Originally Posted by
KhmuNation I soon realize that my main source of stress and potential relapse trigger was the meeting itself!
I stopped going and have been clean and serene ever since.
I stayed in meetings for several years, but the reasons for that changed over the years. Early on I felt fragile. That quickly left after a few weeks, when I knew I was going to be OK, but I worried about going back out, especially seeing how common it was among members to come and go, praise sobriety for awhile, and then go back out, so I stayed on as an insurance against whatever caused people to lose it.
After a couple of years, I had figured out what the triggers were that sent others back to the bottle. Well, at least I figured out what my triggers were. But while doing this, I made some good friends in the program, so I stayed a few more years for the fellowship.

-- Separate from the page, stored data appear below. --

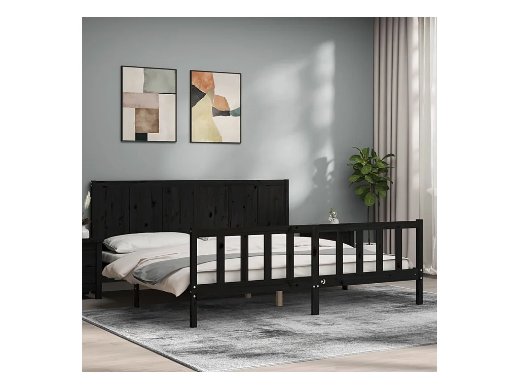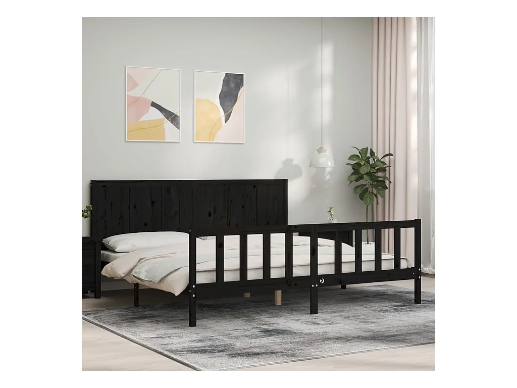 Lit-200x200 cm Noir Bois de pin massif EGGB41381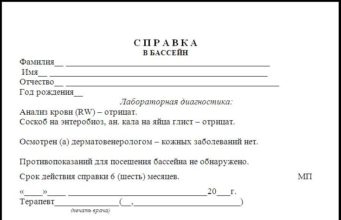 Для того, чтобы начать ходить в бассейн потребуется предоставить специализированную справку по унифицированной форме.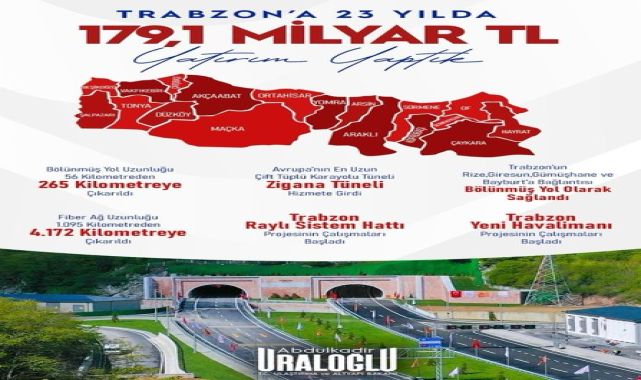Ulaştırma ve Altyapı Bakanı Abdulkadir Uraloğlu, Trabzon'a son 23 yılda 179,1 milyar TL'lik yatırım yapıldığını açıkladı. Bölünmüş yol ve fiber ağ uzunluklarındaki artışlar ile Zigana Tüneli ve yeni havalimanı projesinin detayları paylaşıldı.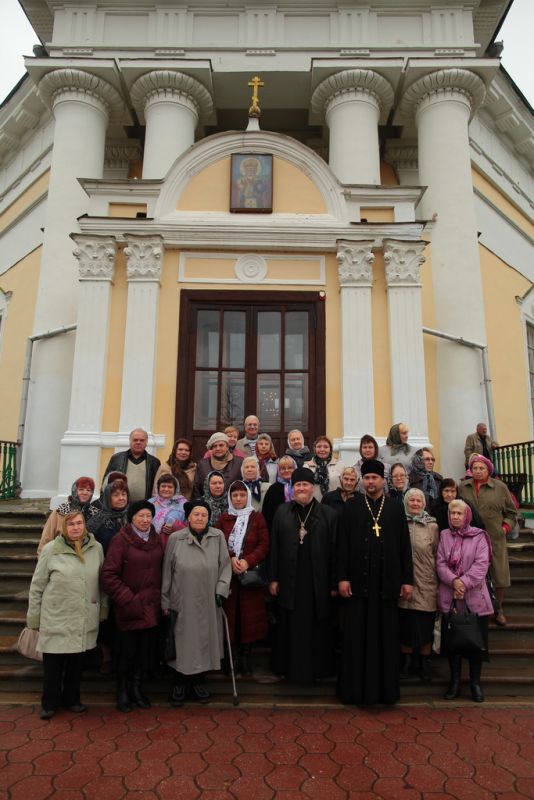 Сначала ветераны побывали в Сергиевском храме п. Трубино, где отца благочинного и гостей встречал настоятель храма священник Антоний Сенько, он рассказал историю создания храма, познакомил с храмовыми святынями.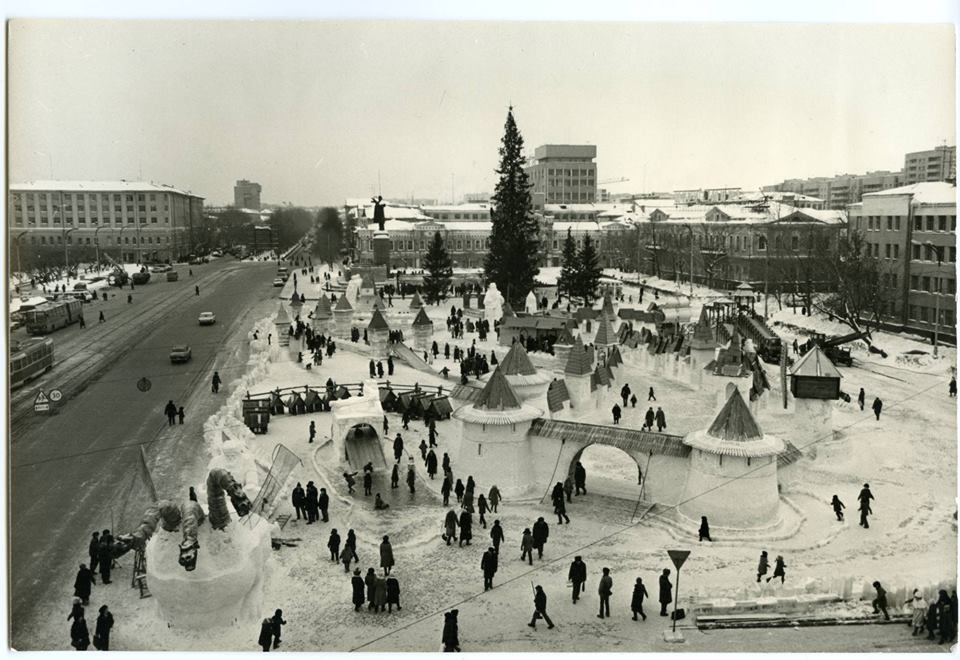 Вот такая фигура Деда Мороза стояла в ледовом городке на площади 1905 года в первой половине 1980-х. Автор фото — Евгений Клавдиенко.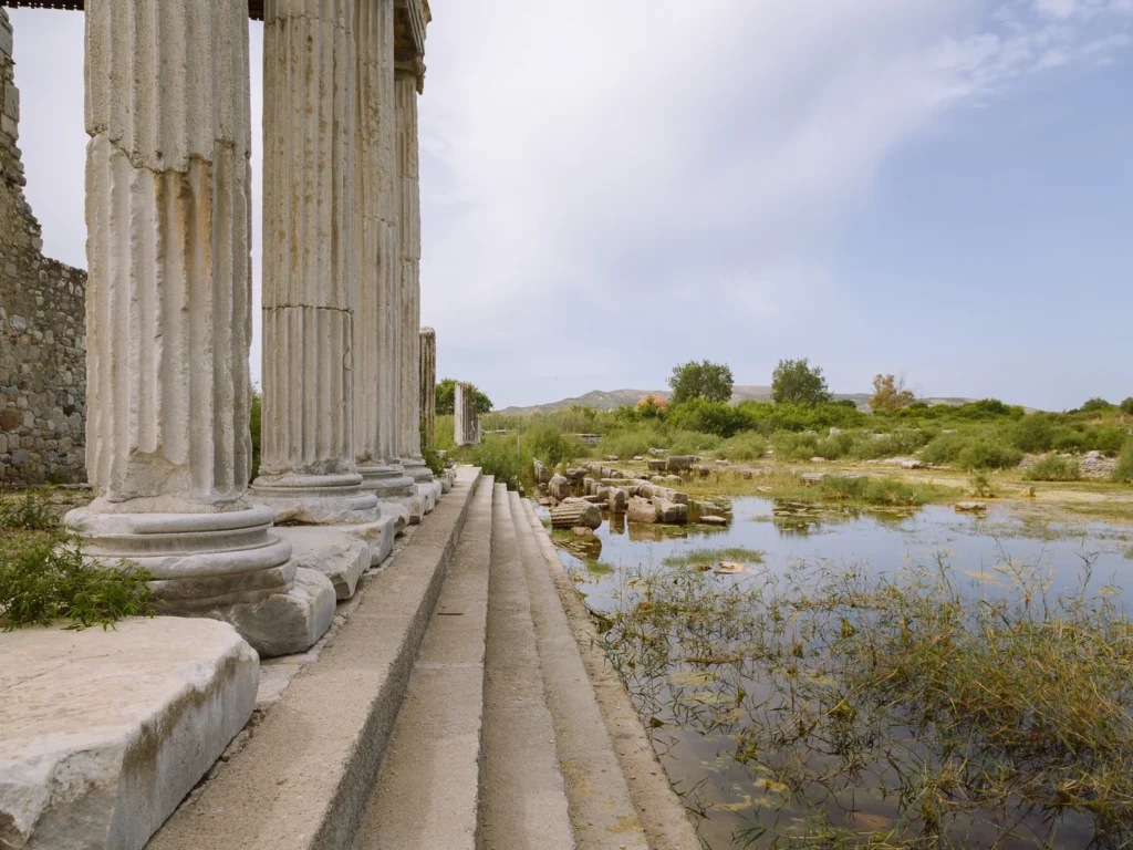 Stroll the grid system of streets (which became a template for future Roman cities); explore the Greco-Roman theatre that is still in excellent condition; and watch the Ionic Stoa of the Sacred Way reflected in the (often) flooded plains.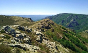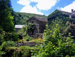 > Variante courte (11,5 km ; 3 h 30) : se diriger à droite et, plus loin dans les genêts, descendre jusqu’à un carrefour. Ignorer le chemin en face, suivre le sentier caillouteux et franchir un ruisseau. Descendre, rejoindre l’itinéraire principal et partir à droite (tirets sur la carte).2. Continuer en face, le sentier descend en lacets dans les châtaigniers. En bas, franchir un ruisseau sur un pont et entrer dans le hameau d’Héric.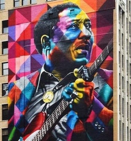 A nine-storey mural depicting blues giant Muddy Waters has been unveiled in Chicago, as part of the Chicago Blues Festival.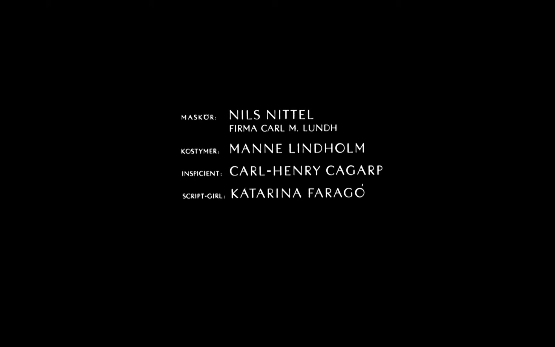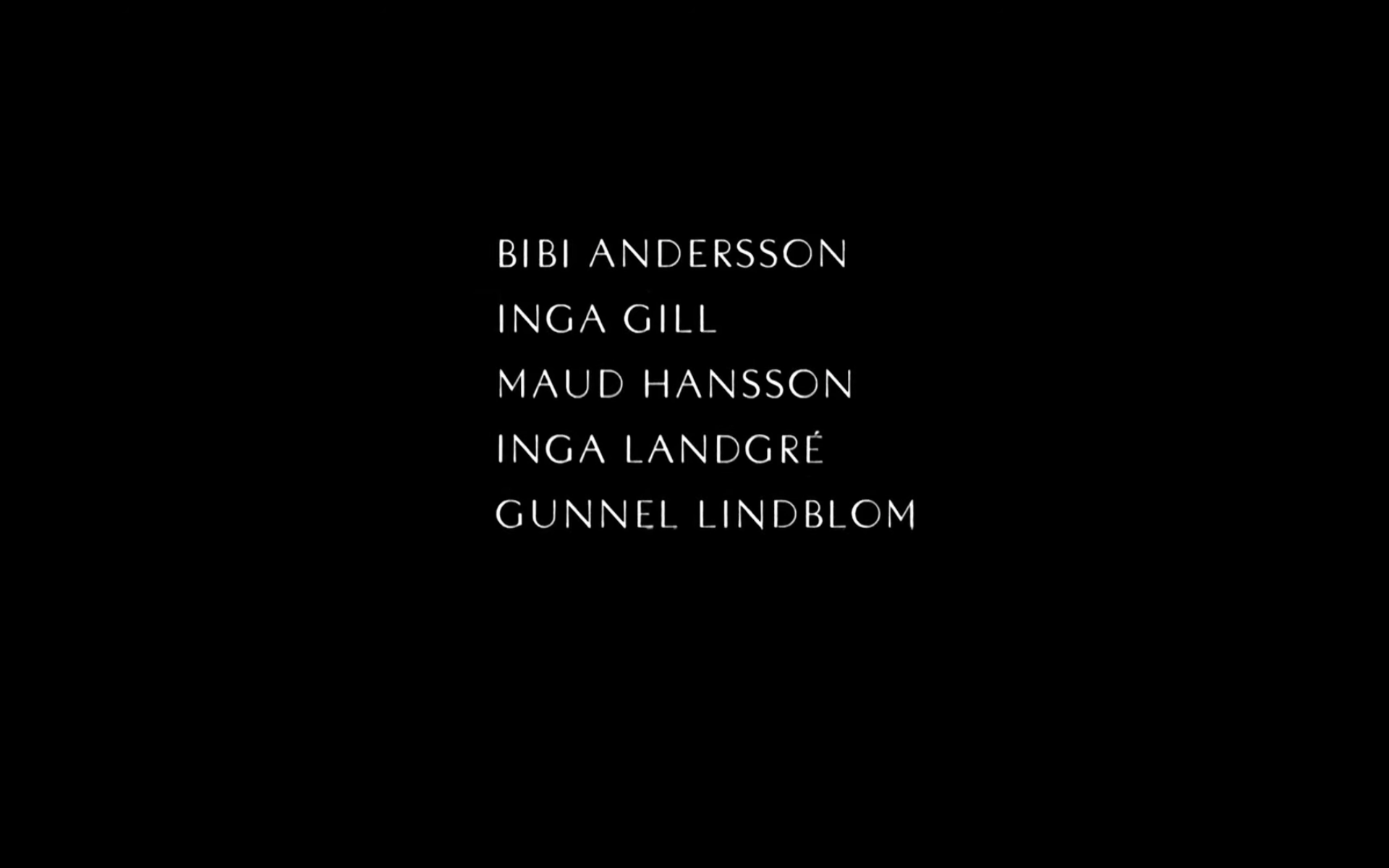 The Persona (1966) title sequence [see also the post on Fonts In Use] is the only with black text on a white background, all others white on a black background.

I did start to wonder how healthy it was to be around drunks coming and going, and I questioned if the fellowship, as much as I enjoyed it, was healthy or just another form of avoidance.
Whether it was accurate or not, when I finally broke ties, which was not a sudden departure, but somewhat prolonged, like testing the water with my toe before jumping in, I had the feeling that I was leaving the program and stepping out into life.
And I did. I ended up accomplishing a life long goal of selling my house and everything I had accumulated over the years, bought a boat and single-handedly sailed it from California to Mexico to Hawaii to Alaska, and down the Inland Passage through Canada to the lower 48. I sold the boat at the end of three years and and moved a little deeper into the woods, but 3000 miles away from where I lived before. I kept in touch with my sponsor who had quit going to meetings after I did until he fell off the map and I lost track of him.
For me, maybe not everyone, there certainly was a life after meetings. I went back to a couple of meetings near my new home, but there wasn't anything there for me anymore. That was 10 years ago.